THE DATA →
#####

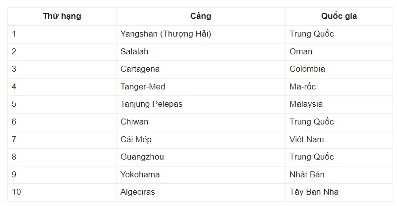 Năm nay, cụm cảng Cái Mép đã thành công nhảy vọt 5 bậc để lọt vào Top 7 cảng container hoạt động hiệu quả nhất thế giới
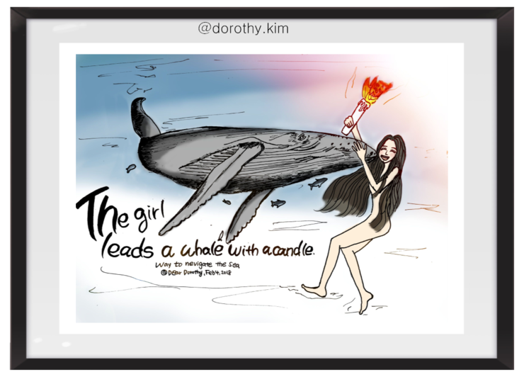 ART CONTESTcoin -Painting With 3 Given Words_The girl leads a whale with a candle
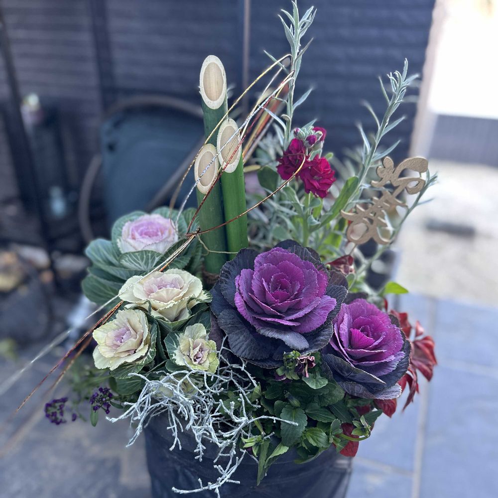 玄関前の寂しいプランターにビオラと葉牡丹を追加。
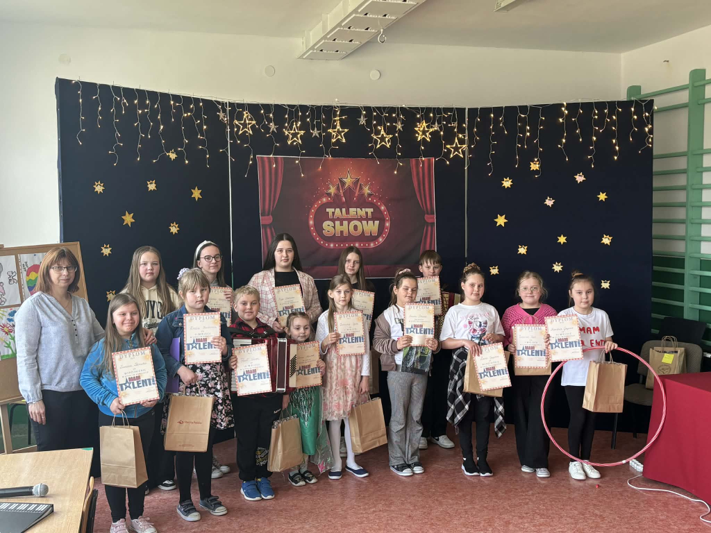 Z okazji obchodów pierwszego dnia wiosny w naszej szkole zorganizowany został konkurs „Mam Talent”, który dał uczniom możliwość zaprezentowania swoich pasji, umiejętności i kreatywności przed szkolną społecznością. Uczestnicy zaprezentowali różnorodne talenty – od śpiewu, tańca, gry na instrumentach, przez występy teatralne, pokazy na rolkach, aż po sztuczki magiczne, czy nietypowe umiejętności. Każdy występ był okazją do wyrażenia siebie i rozwijania pewności siebie. Występy oceniało jury, które brało pod uwagę takie elementy jak oryginalność, zaangażowanie, poziom przygotowania oraz kontakt z publicznością. Nie obyło się bez nagród, wyróżnień i dyplomów. Wydarzenie odbywa się w przyjaznej i pełnej entuzjazmu atmosferze. Konkurs "Mam Talent" okazał się doskonałym sposobem na wspólne świętowanie nadejścia wiosny i budowanie pozytywnych relacji w szkole. Na zakończenie świętowania uczniowie udali się na Słodki Poczęstunek, który przygotowali wspaniali rodzice. Serdecznie dziękujemy za słodkie pyszności. Wszystkim uczestnikom gratulujemy i życzymy wytrwałości w rozwijaniu swoich talentów i pasji!!!

#####

Repeat the listing exactly, pictures excluded.

TASK OUTPUT →
 Năm nay, cụm cảng Cái Mép đã thành công nhảy vọt 5 bậc để lọt vào Top 7 cảng container hoạt động hiệu quả nhất thế giới
 ART CONTESTcoin -Painting With 3 Given Words_The girl leads a whale with a candle
 玄関前の寂しいプランターにビオラと葉牡丹を追加。
 Z okazji obchodów pierwszego dnia wiosny w naszej szkole zorganizowany został konkurs „Mam Talent”, który dał uczniom możliwość zaprezentowania swoich pasji, umiejętności i kreatywności przed szkolną społecznością. Uczestnicy zaprezentowali różnorodne talenty – od śpiewu, tańca, gry na instrumentach, przez występy teatralne, pokazy na rolkach, aż po sztuczki magiczne, czy nietypowe umiejętności. Każdy występ był okazją do wyrażenia siebie i rozwijania pewności siebie. Występy oceniało jury, które brało pod uwagę takie elementy jak oryginalność, zaangażowanie, poziom przygotowania oraz kontakt z publicznością. Nie obyło się bez nagród, wyróżnień i dyplomów. Wydarzenie odbywa się w przyjaznej i pełnej entuzjazmu atmosferze. Konkurs "Mam Talent" okazał się doskonałym sposobem na wspólne świętowanie nadejścia wiosny i budowanie pozytywnych relacji w szkole. Na zakończenie świętowania uczniowie udali się na Słodki Poczęstunek, który przygotowali wspaniali rodzice. Serdecznie dziękujemy za słodkie pyszności. Wszystkim uczestnikom gratulujemy i życzymy wytrwałości w rozwijaniu swoich talentów i pasji!!!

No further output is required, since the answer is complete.